■ **TASK TO COMPLETE**: Lines to return, exactly: from the line with "Задача водителя для" to the line with "イースター気分を盛り上げるエ" in the entries below, both included.

■ **EXTRACTED RECORDS**:
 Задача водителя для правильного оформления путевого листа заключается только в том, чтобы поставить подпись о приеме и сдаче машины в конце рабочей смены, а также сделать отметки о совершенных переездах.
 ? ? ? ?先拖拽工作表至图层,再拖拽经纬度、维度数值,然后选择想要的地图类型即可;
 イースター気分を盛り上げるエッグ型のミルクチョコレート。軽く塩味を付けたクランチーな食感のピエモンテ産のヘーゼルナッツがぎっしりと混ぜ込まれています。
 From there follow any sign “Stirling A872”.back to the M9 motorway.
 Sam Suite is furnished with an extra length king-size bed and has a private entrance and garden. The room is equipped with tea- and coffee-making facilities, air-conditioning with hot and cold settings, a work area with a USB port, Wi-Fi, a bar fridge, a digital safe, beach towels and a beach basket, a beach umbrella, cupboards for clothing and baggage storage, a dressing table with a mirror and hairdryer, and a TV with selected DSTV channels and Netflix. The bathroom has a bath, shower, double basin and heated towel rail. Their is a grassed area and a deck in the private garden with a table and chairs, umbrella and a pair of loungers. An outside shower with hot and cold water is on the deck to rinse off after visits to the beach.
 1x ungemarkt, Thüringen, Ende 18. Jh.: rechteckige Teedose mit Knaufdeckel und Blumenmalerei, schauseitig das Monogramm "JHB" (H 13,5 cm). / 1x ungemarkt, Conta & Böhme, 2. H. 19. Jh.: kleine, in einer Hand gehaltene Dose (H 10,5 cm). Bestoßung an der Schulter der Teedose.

---

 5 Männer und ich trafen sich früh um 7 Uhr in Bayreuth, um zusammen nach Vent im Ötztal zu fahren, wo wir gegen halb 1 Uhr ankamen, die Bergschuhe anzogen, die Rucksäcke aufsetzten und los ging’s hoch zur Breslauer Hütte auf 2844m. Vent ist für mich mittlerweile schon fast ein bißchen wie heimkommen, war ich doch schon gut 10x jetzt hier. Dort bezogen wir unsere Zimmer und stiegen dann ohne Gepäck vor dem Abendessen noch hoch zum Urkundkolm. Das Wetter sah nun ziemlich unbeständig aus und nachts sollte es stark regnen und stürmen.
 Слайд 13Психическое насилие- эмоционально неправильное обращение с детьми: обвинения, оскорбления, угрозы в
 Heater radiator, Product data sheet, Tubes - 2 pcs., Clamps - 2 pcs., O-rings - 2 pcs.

■ **THE COMPLETED TASK**:
 Задача водителя для правильного оформления путевого листа заключается только в том, чтобы поставить подпись о приеме и сдаче машины в конце рабочей смены, а также сделать отметки о совершенных переездах.
 ? ? ? ?先拖拽工作表至图层,再拖拽经纬度、维度数值,然后选择想要的地图类型即可;
 イースター気分を盛り上げるエッグ型のミルクチョコレート。軽く塩味を付けたクランチーな食感のピエモンテ産のヘーゼルナッツがぎっしりと混ぜ込まれています。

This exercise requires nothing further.